Procédure de conciliation

L’entreprise qui en bénéficie doit, elle aussi, respecter le principe de confidentialité

 

Le dirigeant d’une entreprise qui a bénéficié d’une procédure de conciliation ne peut pas utiliser les documents issus de cette procédure contre un de ses créanciers dans un procès ultérieur.

De la conciliation à l’ouverture d’une procédure collective

La conciliation pour éviter l’ouverture d’une procédure collective

Une banque consent à une société une ouverture de crédit de 350 000 € et un prêt de 800 000 € dont le dirigeant se rend caution solidaire.

La société rencontrant des difficultés financières, une procédure de conciliation est ouverture et s’avère concluante. Un protocole de conciliation est alors mis en place, dans lequel le dirigeant contracte de nouveaux engagements de cautionnement solidaire au profit de la banque.

Pour mémoire, la procédure de conciliation permet à une entreprise en difficulté d’éviter sa mise en redressement judiciaire. Le conciliateur a, durant 4 mois au maximum (sauf prorogation accordée par le président du tribunal de commerce d’un mois supplémentaire), pour mission de négocier un accord amiable entre le dirigeant de l’entreprise et les créanciers de celle-ci (c. com. art. L. 611-6).

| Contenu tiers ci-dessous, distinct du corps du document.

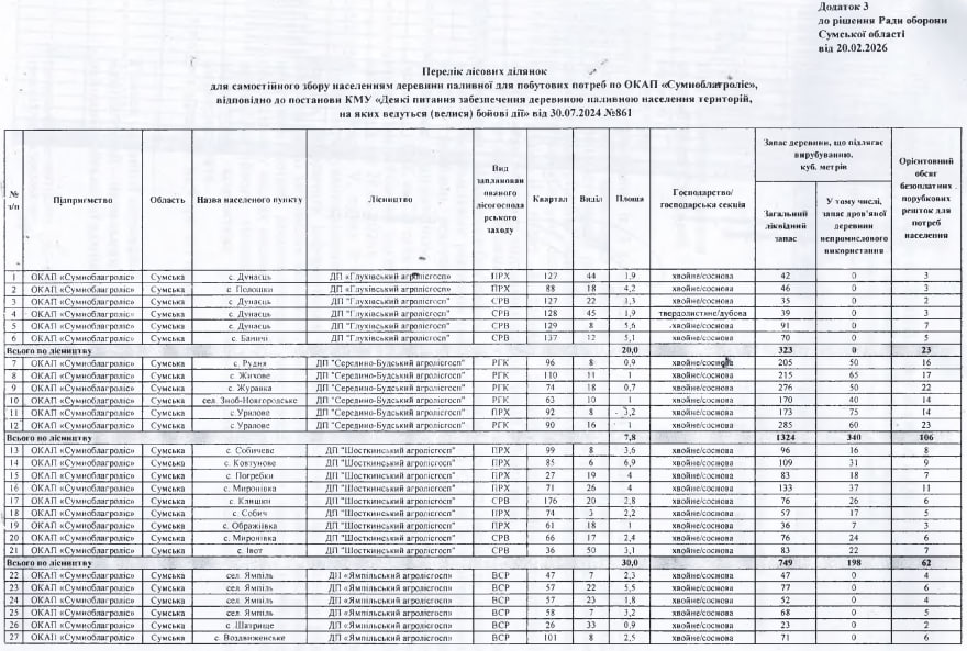 3. Перелік лісових ділянок на яких припиняється самостійний збір населенням деревини паливної для побутових потреб по Філії «Північний лісовий офіс» ДП «Ліси України», відповідно до постанови КМУ “Деякі питання забезпечення деревиною паливною населення територій; на яких ведуться (велися) бойові дії” від 30.07.2024 №861: https://shostka-rada.gov.ua/wp-content/uploads/2026/03/1468-Pro-rishennya-rady-oborony-vid-20.02.2026-DO-VIDOMA-ne-vidpovidaty-4.pdf

Les suites d’une conciliation sans succès

Finalement, l’accord de conciliation prévu entre la société et la banque n’est pas exécuté jusqu’à son terme. S’ensuit alors l’ouverture d’une seconde procédure de conciliation qui se solde par un échec, puis la mise en redressement judiciaire de la société. La situation de la société ne s’améliorant toujours pas, le redressement judiciaire est converti en procédure de liquidation judiciaire.

Le principe de confidentialité au coeur de la procédure de conciliation

Le comportement fautif de la banque durant la conciliation soulevé par le dirigeant en justice

La banque assigne le dirigeant en paiement de ses engagements de caution. Pour se défendre, celui-ci invoque alors le comportement fautif de la banque durant la seconde procédure de conciliation. Pour appuyer ses propos, le dirigeant communique plusieurs e-mails adressés par la banque au conciliateur qui démontrent, selon lui, les fautes de la banque.

Le dirigeant demande en conséquence des dommages-intérêts d’un montant équivalent aux sommes réclamées par la banque au titre des cautionnements.

La cour d’appel rejette cette demande, les e-mails échangés entre le conciliateur et la banque durant la procédure de conciliation étant couverts par la confidentialité.

Le dirigeant se pourvoit alors en cassation.

La confidentialité bénéficie à l’ensemble des parties prenantes à la conciliation

Le dirigeant soutient que l’obligation de confidentialité pesant sur les personnes appelées à la procédure de conciliation ne s’applique qu’à l’égard des tiers, et non entre les parties prenantes à cette procédure. Il pouvait donc opposer à la banque le contenu des échanges et son comportement dans le cadre de la conciliation, sans méconnaître son obligation de confidentialité.

Cependant, la Cour de cassation rappelle que toute personne appelée à la procédure de conciliation ou qui, par ses fonctions, en a connaissance est tenue à une obligation de confidentialité (c. com. art. L. 611-15). Ce texte est général et n’autorise pas une levée de la confidentialité entre les parties.

En conséquence, la Cour de cassation balaye l’argument du dirigeant et valide la solution des juges d’appel.

En pratique : La confidentialité attachée à la procédure de conciliation est primordiale pour le chef d’entreprise et la survie de son entreprise. Elle s’impose notamment aux journalistes financiers, qui peuvent toutefois passer outre lorsque leur article doit contribuer à l’information légitime du public sur un débat d’intérêt général (cass. com. 15 décembre 2015, n° 14-11500). Avec cette nouvelle décision du 5 octobre 2022, la Cour de cassation rappelle que le principe de confidentialité bénéficie à l’ensemble des parties prenantes à la procédure, y compris aux créanciers, aussi bien durant la procédure qu’après.